◆ PROBLEM TO WORK ON
From the first line of the records below, transcribe each line exactly up to and including the one with "Shuga (note the"; pictures stay out.

◆ Source data

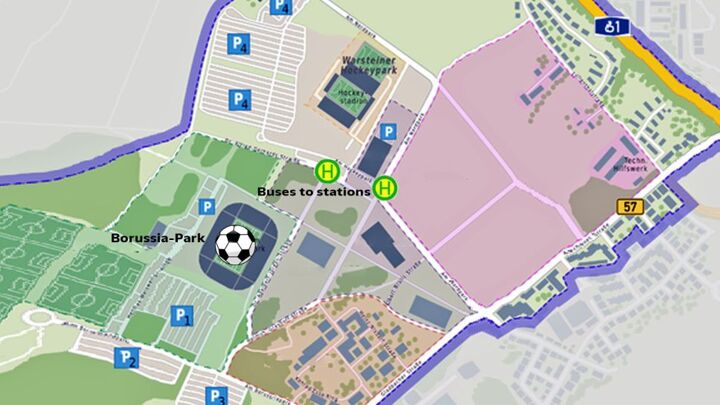 Located to the west of the city, the Borussia Park complex houses the stadium, training grounds and administrative buildings. The easiest way to get to the Borussia Park on a Bundesliga Matchday is via shuttle bus: line 017 runs from Mönchengladbach HBF to the stadium in around 15 minutes. That service is well signposted inside the station and available from three hours before kick-off until two hours after full-time. From Rheydt HBF, there's a shuttle bus that departs for the Borussia Park every five minutes – you can pick that up from opposite platform four on a Bundesliga Matchday.
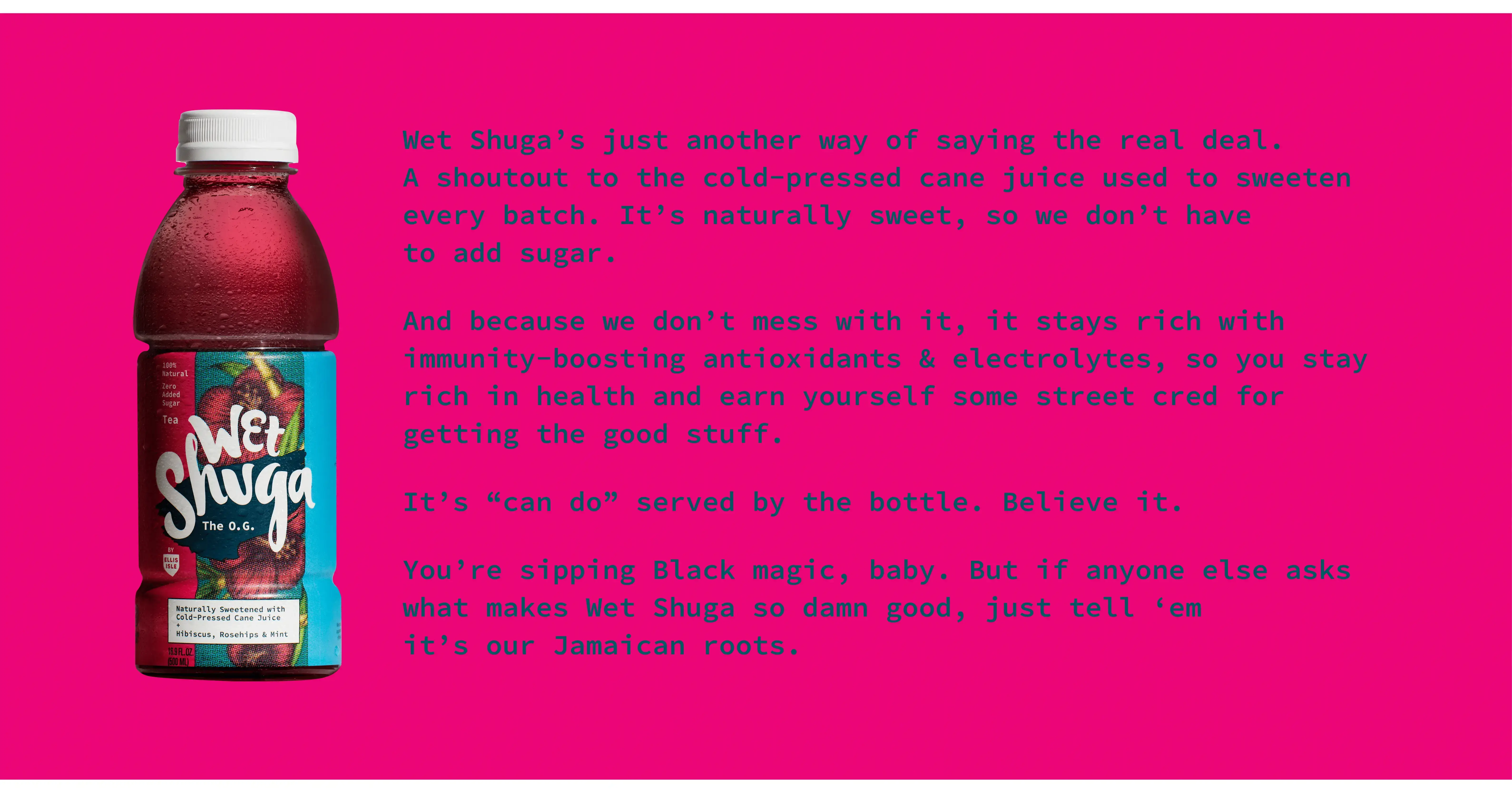 Shuga (note the onomatopoeia) is what Jamaicans call cane juice. The name emphasizes the product’s innovation with a tinge of
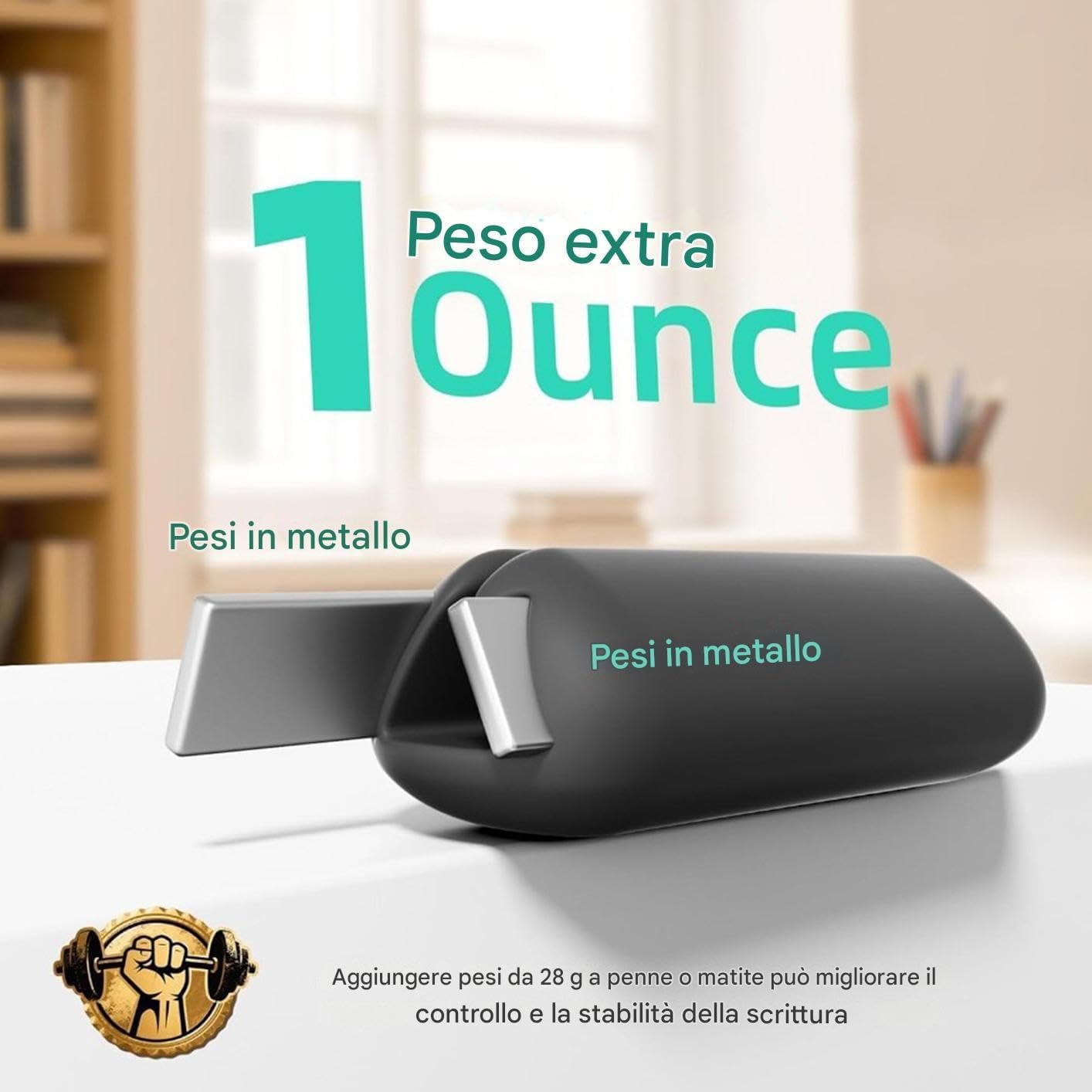 Formazione Educativa: Migliora la coordinazione mano-occhio, promuove metodi standardizzati e potenzia l'efficacia degli allenamenti di apprendimento didattico per studenti e principianti. Scrittura Senza Sforzo: Progettata per ridurre la fatica della mano, offre un supporto alla scrittura e sostiene con facilità il perfezionamento delle abilità motorie fini. Compatibilità Estesa: ponderata con apertura triangolare elastica per adattarsi regolarmente a penne diverse, garantendo una presa sicura e personalizzabile grazie al design flessibile Regolazione Semplice: Focalizzata sull'usabilità immediata, consente personalizzazione del bilanciamento rapida. Supporto efficace per esercizi giornalieri e formazione professionale per affinare progressivamente le tecniche di scrittura con risultati coerenti Silicone Robusto: Silicone elastico e design ergonomico riducono la fatica, offrendo attrito per un controllo ottimale e garantendo una piacevole esperienza di scrittura duratura
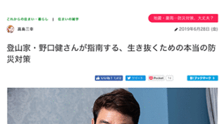 都市防災 登山家・野口健さんが指南する、生き抜くための本当の防災対策 (スーモジャーナル) 「登山家・野口健さんが指南する、生き抜くための本当の防災対策」という記事が、スーモジャーナルに掲載されています。 →『登山家・野口健さんが指南する、生き抜くための本当の防災対策』 2019.08.04 都市防災ニュース@アマゾンリンク切れ(adsystem)
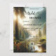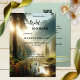 Chá de panela original com uma pintura de uma cena de montanha sonhadora com uma floresta e riacho. No verso há um modelo de código QR para facilitar a visita de seus convidados ao seu site e RSVP, bem como a visualização do registro.
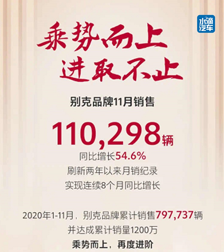“别克品牌11月销售110298辆。”在12月的第一天,别克汽车便在其官微中推送出一幅硕大的“2020年11月销量海报”。
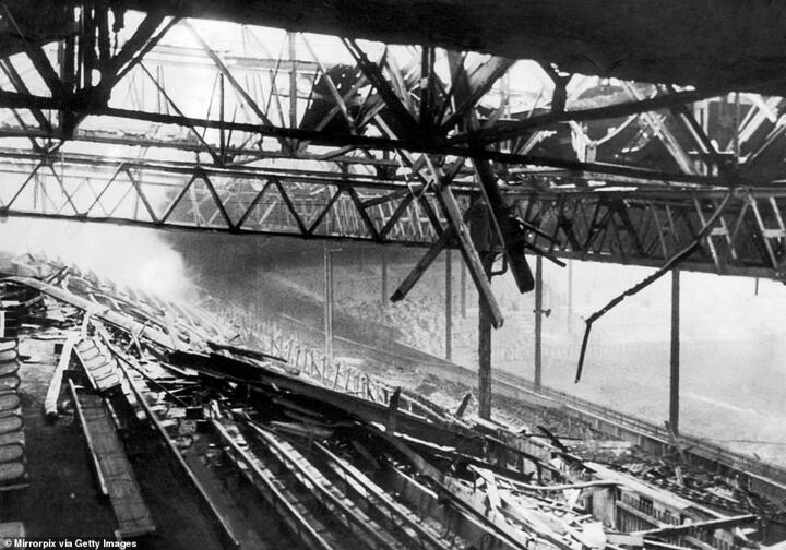However, Old Trafford sustained heavy damage during World War II when a bombing raid destroyed much of the South Stand forcing the club to temporarily move remove the debris and begin rebuilding in 1941. United would play their games at Manchester City's Maine Road while this work was done.
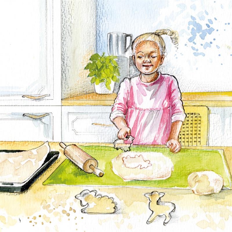 "Heute ist Karsamstag und Emma und Tante Leonie wollen kleine Osterlämmer backen. Sie möchten den Nachbarn eine Freude machen. ... Plötzlich kommt die zweijährige Ines aufgeregt in die Küche. „Daupe!“, ruft sie fröhlich und streckt ihren Finger ihrer Schwester Emma entgegen ... "
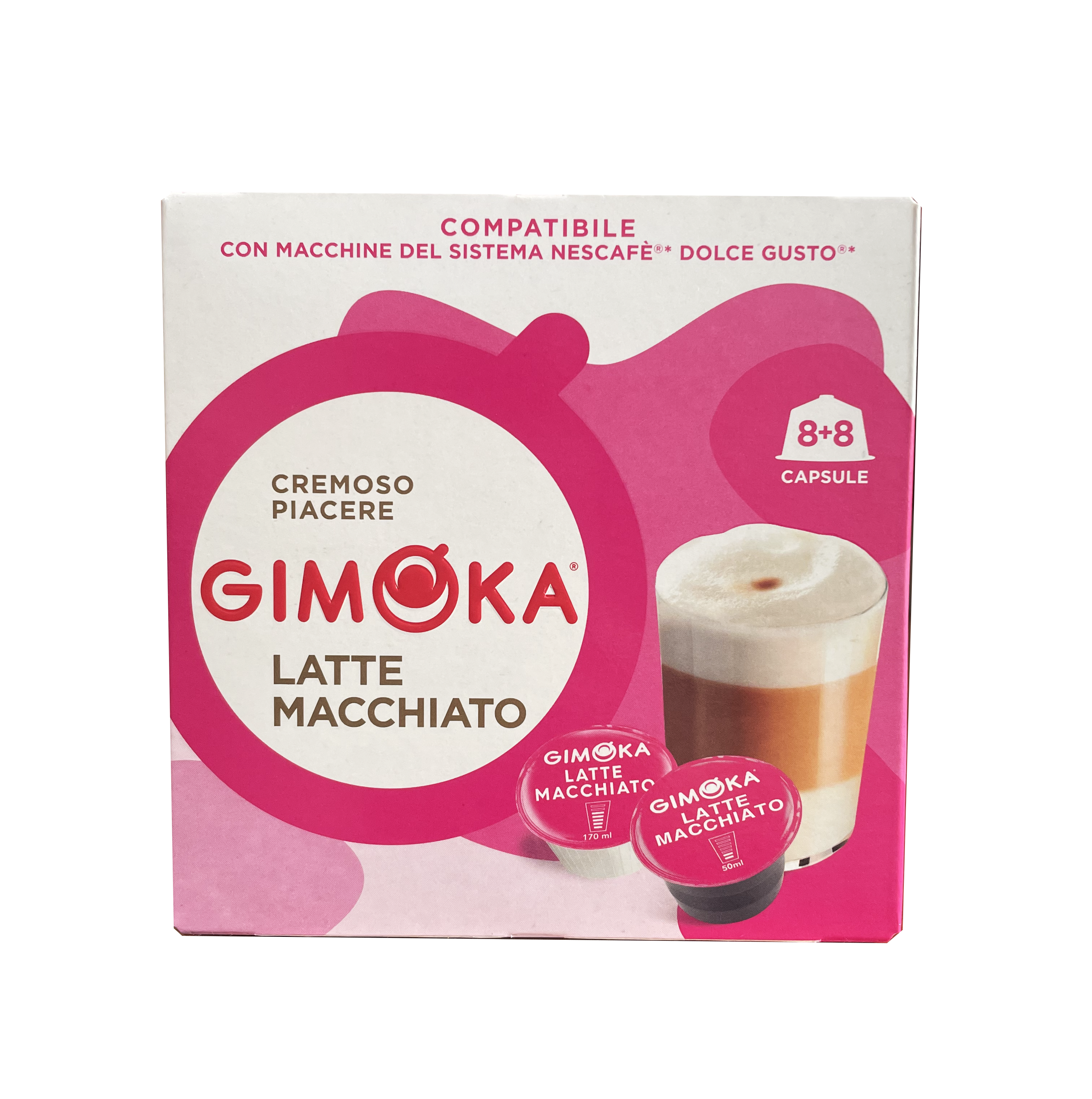 Gimoka Latte Macchiato gaminama iš klasikinės „Arabica“ rūšies kavos, kuri suteikia jai puikų aromatą, o pupelių skrudinimas stiprų, intensyvų skonį. Tvirto charakterio kavos ir  saldus pieno mišinys leidžia mėgautis šia kava bet kuriuo paros metu.

◆ RESULT FOR THIS TASK
 Located to the west of the city, the Borussia Park complex houses the stadium, training grounds and administrative buildings. The easiest way to get to the Borussia Park on a Bundesliga Matchday is via shuttle bus: line 017 runs from Mönchengladbach HBF to the stadium in around 15 minutes. That service is well signposted inside the station and available from three hours before kick-off until two hours after full-time. From Rheydt HBF, there's a shuttle bus that departs for the Borussia Park every five minutes – you can pick that up from opposite platform four on a Bundesliga Matchday.
 Shuga (note the onomatopoeia) is what Jamaicans call cane juice. The name emphasizes the product’s innovation with a tinge of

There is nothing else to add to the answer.